**Your objective:** Without altering a word, return the records below, but exclude the pictures.

Collected data entries:
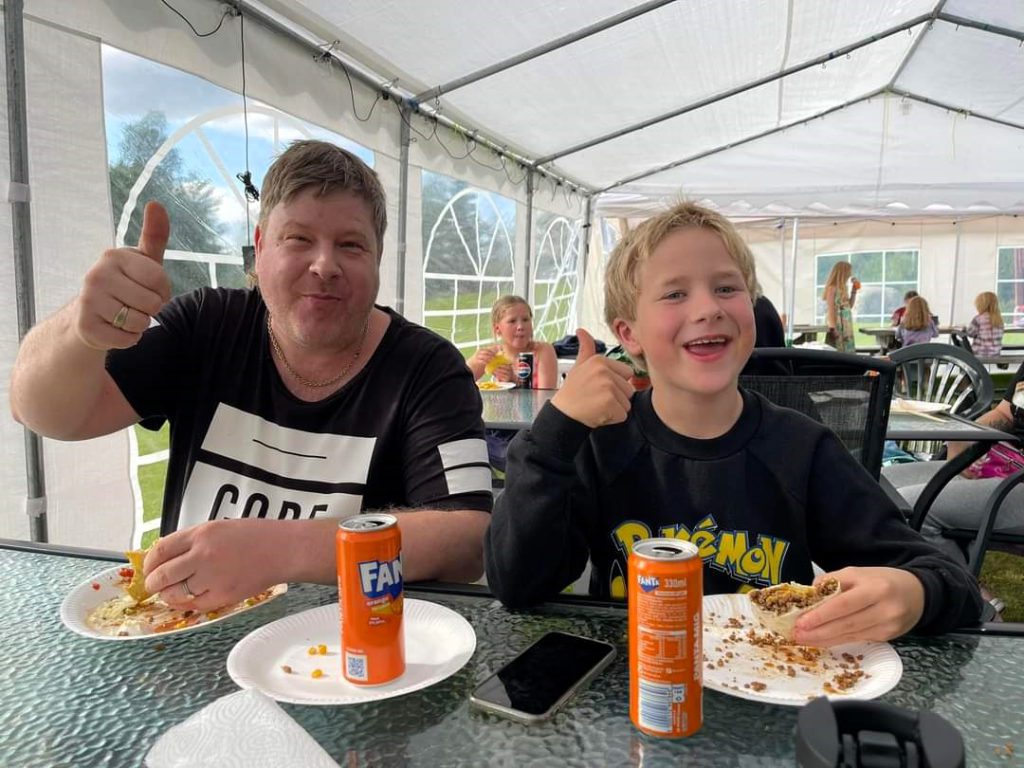 På leir er det mye god mat. Pølser grillet over bål og på grill blir aldri feil. Siste kvelden var det Taco-fest, det er alltid like populært.
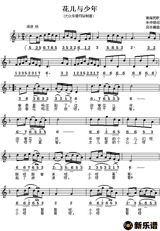马红莲等演唱的花儿与少年歌词,花儿与少年简谱.
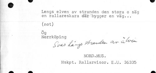 //// Lengs elven av stranden den stora o säg //// en rallareskara där bygger en väg... //// (not) //// Ög //// Norrköping ^ //// /
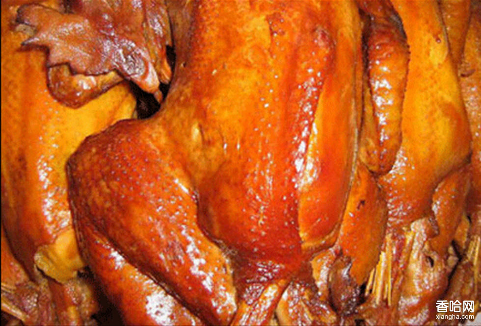 基本做法:1. 選取每只重約1500克的雞5只,宰殺,煺毛,在肛門處開一6 厘米長的小口,取出內(nèi)臟,將雞腿插入雞腹中,將雞頭盤于翅下,依次盤好5 只雞,晾一會備用;2. 將油倒入鍋中,燒到210℃左右,依次將5 只雞外皮炸成金黃色,備用;3. 取帶蓋大鍋一只,放入所有調(diào)料,倒入10 公斤清水燒開,將炸好的雞下入鍋中,用箅子將雞壓入湯中,燒煮;4. 湯沸后下入硝1克,改用文火慢煮,以使雞入味,香透入骨;5. 雞煮熟后,出鍋晾5 分鐘,趁熱抹上一層香油,冷食熱吃均可。
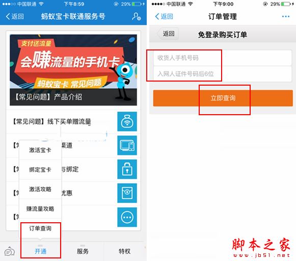 一、首先進入到螞蟻寶卡的訂單查詢界面,輸入聯系人電話號碼和入網證件后面6位數字,如圖所示。
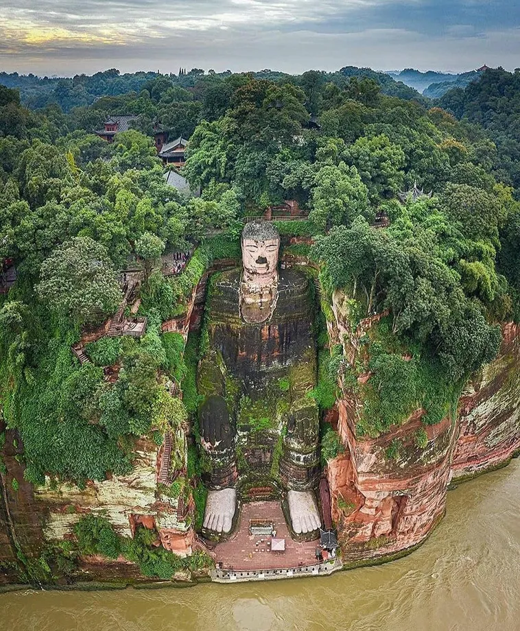 The Leshan Giant Buddha is a 71-meter (233 ft) tall stone statue, built between 713 and 803 (during the Tang dynasty). It is carved out of a cliff face of Cretaceous red bed sandstones that lies at the confluence of the Min River and Dadu River in the southern part of Sichuan province in China, near the city of Leshan. The stone sculpture faces Mount Emei, with the rivers flowing below its feet. It is the largest and tallest stone Buddha statue in the world and it is by far the tallest pre-modern statue in the world.
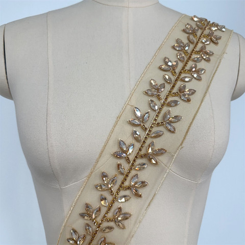 Luxus handgemachte goldene Kristall Strass Trim Spitze für Abend Hochzeits kleid
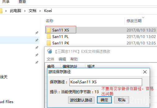 原游戏路径是“XX盘:\我的文档\Koei\San11 Tc”,能修改是的“Koei\San11 Tc”这一级子路径。

**Answer section:**
 På leir er det mye god mat. Pølser grillet over bål og på grill blir aldri feil. Siste kvelden var det Taco-fest, det er alltid like populært.
马红莲等演唱的花儿与少年歌词,花儿与少年简谱.
 //// Lengs elven av stranden den stora o säg //// en rallareskara där bygger en väg... //// (not) //// Ög //// Norrköping ^ //// /
 基本做法:1. 選取每只重約1500克的雞5只,宰殺,煺毛,在肛門處開一6 厘米長的小口,取出內(nèi)臟,將雞腿插入雞腹中,將雞頭盤于翅下,依次盤好5 只雞,晾一會備用;2. 將油倒入鍋中,燒到210℃左右,依次將5 只雞外皮炸成金黃色,備用;3. 取帶蓋大鍋一只,放入所有調(diào)料,倒入10 公斤清水燒開,將炸好的雞下入鍋中,用箅子將雞壓入湯中,燒煮;4. 湯沸后下入硝1克,改用文火慢煮,以使雞入味,香透入骨;5. 雞煮熟后,出鍋晾5 分鐘,趁熱抹上一層香油,冷食熱吃均可。
 一、首先進入到螞蟻寶卡的訂單查詢界面,輸入聯系人電話號碼和入網證件后面6位數字,如圖所示。
 The Leshan Giant Buddha is a 71-meter (233 ft) tall stone statue, built between 713 and 803 (during the Tang dynasty). It is carved out of a cliff face of Cretaceous red bed sandstones that lies at the confluence of the Min River and Dadu River in the southern part of Sichuan province in China, near the city of Leshan. The stone sculpture faces Mount Emei, with the rivers flowing below its feet. It is the largest and tallest stone Buddha statue in the world and it is by far the tallest pre-modern statue in the world.
 Luxus handgemachte goldene Kristall Strass Trim Spitze für Abend Hochzeits kleid
 原游戏路径是“XX盘:\我的文档\Koei\San11 Tc”,能修改是的“Koei\San11 Tc”这一级子路径。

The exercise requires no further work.